5 Secrets To A Successful Marriage (From A Divorce Lawyer Married To A Divorce Lawyer)
A cheat sheet to help keep your marriage alive.
About 9 out of every 10 Americans cite love as a “very important reason to get married,” according to the Pew Research Center. As a divorce lawyer, you might assume that keeping marriages together isn’t super high on my priority list, but here’s the thing: I’m happily married (to another divorce lawyer!) and I know firsthand what the benefits of a successful marriage are.
I also know marriage can be tough work. It’s worth it, but it’s not always easy. So my spouse and I sat down and created a “cheat sheet” of sorts for how to have a successful marriage. We call them the “five Cs.”
Here are 5 secrets to a successful marriage from a divorce lawyer married to another divorce lawyer:
1. Learn how to talk to — and hear — one another
What’s the number one “cause” for divorce? In our experience, it’s a lack of/poor communication. So the first tip we have for married couples: learn to talk to — and hear — one another better.
Effective communication with your spouse begins with active listening and empathy — when you strive to understand their perspective without judgment or interruption. Establish a safe and non-confrontational environment that encourages open dialogue, where both partners feel comfortable expressing their thoughts and emotions honestly. Practice clear and respectful language, focusing on "I" statements to convey feelings and needs while avoiding blame or criticism. Regularly check in with each other to discuss both the mundane and significant aspects of life.
2. Commit to doing the work
Most folks think of marriage as a commitment to another person, and that’s true — but it’s not the only commitment. You need to commit to the marriage itself: to doing the work to keep it strong and healthy, and to remembering why you wanted to be married in the first place.
Journaling, we’ve found, can help here. Writing down your thoughts first can help you see the bigger picture. You may find negative feelings pass quickly, or you may realize that you need to communicate (see tip number 1) more effectively about your needs. We also recommend renewing that commitment to your partner and your relationship every day. Saying the words “I commit to you” aloud may feel a little silly at first, but it works.
3. Have true compassion for your partner
We can’t give you a quick fix for suddenly being compassionate, but we can help you identify red flags, like:
- When your spouse is talking, do you tune out/actively change the subject?

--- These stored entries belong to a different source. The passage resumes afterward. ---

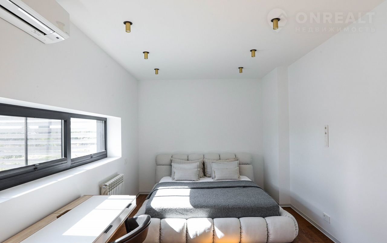 Отделка выполнена дорогостоящими, импортными, экологичными материалами по индивидуальному дизайн-проекту. Кухня изготовлена по индивидуальному заказу и наполнена встроенной бытовой техникой. Сантехника премиальных европейский брендов.
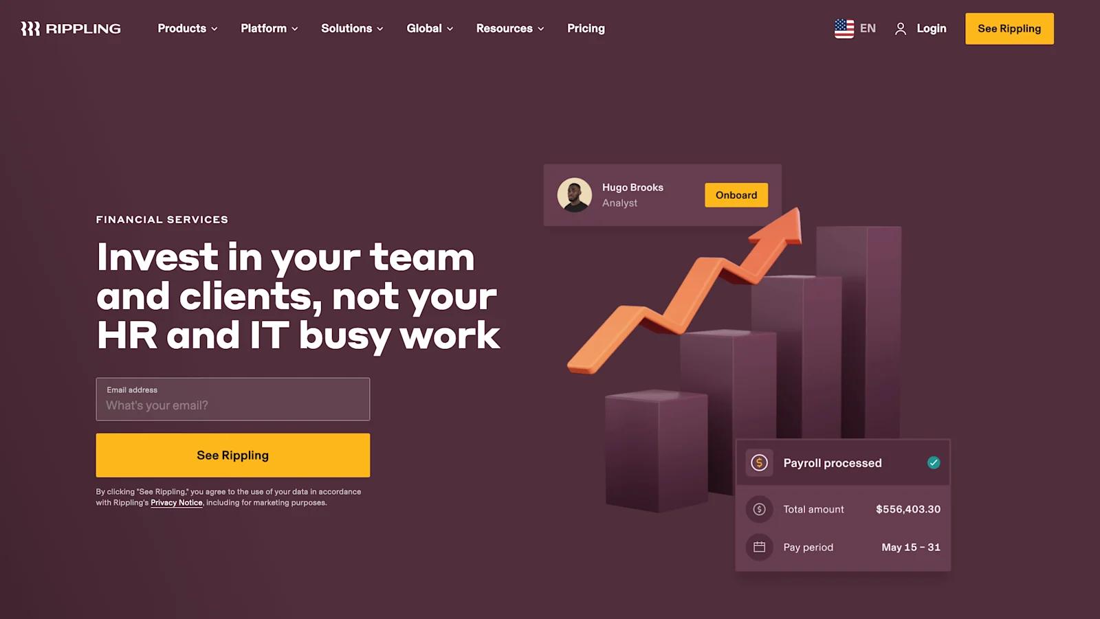Rippling’s industry page targets financial services firms by promoting streamlined HR, payroll, and IT solutions. It highlights the ability to effortlessly onboard, pay, and manage employees, reducing administrative workload and increasing operational efficiency.
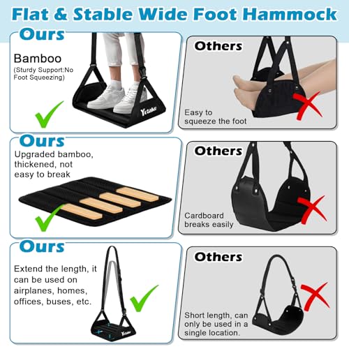 - 【Airplane Foot Rest】- The wider foot hammock with removable sturdy Support Plates by memory foam & bamboo, elevate your comfort. Its stable bamboo plates support design effectively supports foot weight, preventing foot compression.
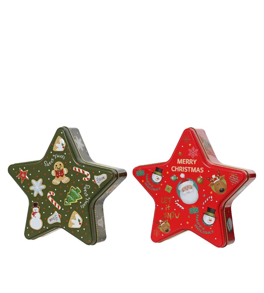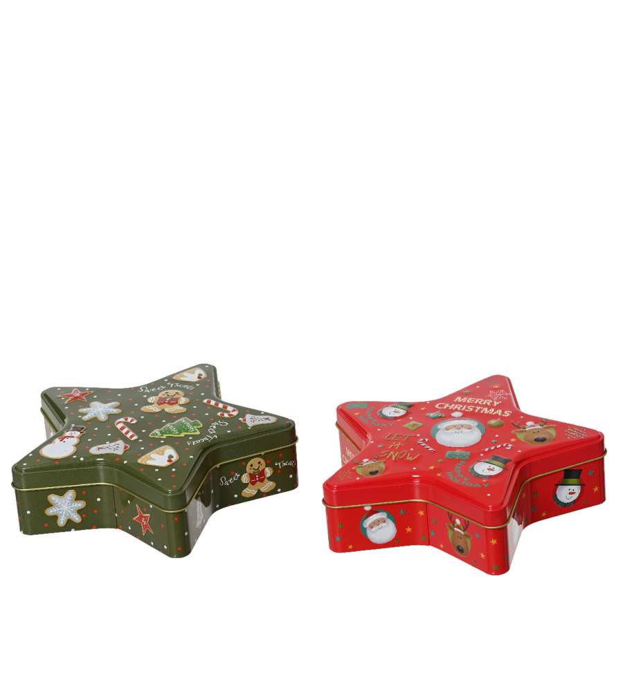 Contenitore Decoris Stella in latta multicolore, 19x18,5x5 cm, con motivo in rilievo e finitura stampata UV. Elegante e funzionale, ideale per organizzare e decorare spazi interni.

- Do you take any pleasure in your spouse’s failure, or getting to say, “I told you so”?
- Do you actively avoid going places with your spouse, or find excuses to avoid people they care about?
- Do you hold grudges against your spouse that you wouldn’t hold against your friends?
None of these red flags makes you a “bad” person, by the way. But they do indicate that there’s a problem. So if you find yourself without compassion, it’s time to go back to tip number 1.
4. Be aligned on what you value
Compatibility is about having similar ideals, beliefs, and goals that help you understand each other better. You don’t have to agree on everything (how dull!) but you should be aligned in what you value.
Still, values can change over time. So we recommend touching base with your spouse regularly, to make sure you’re both still heading in the same direction. We also suggest trying a new hobby that you can do together — something neither of you has done before, but have both expressed interest in. It’ll give you something to do as a team.
5. Actively try to nurture your physical attraction
Chemistry isn't just about physical attraction; it's also about feeling comfortable with and understood by your spouse. Couples should actively try to nurture both their physical attraction and their emotional connection.
Photo: fizkes / Shutterstock
Need a few ideas? Try these:
- Make sure you have a “date night” planned every week. That “night” may only be an hour-long pedicure or a weekly yoga class, but do it together.
- Be affectionate. You don’t have to grope one another in public (and really, we suggest that you do not), but hand-holding can go a long way. Even standing close to your partner can help fuel your chemistry. You can even make it a little game: how close can you be to one another without touching?
- Say “I love you” AND “I want you.” Both are important.
And there you have it — the 5 Cs of keeping your marriage strong: Communication, Commitment, Compassion, Compatibility, and Chemistry. They’ve served us well, and we hope they’ll help you, too!
Heather McCabe is an award-winning divorce lawyer and certified Best Interest Attorney She is the managing partner of the family law firm McCabe Russell, P.A.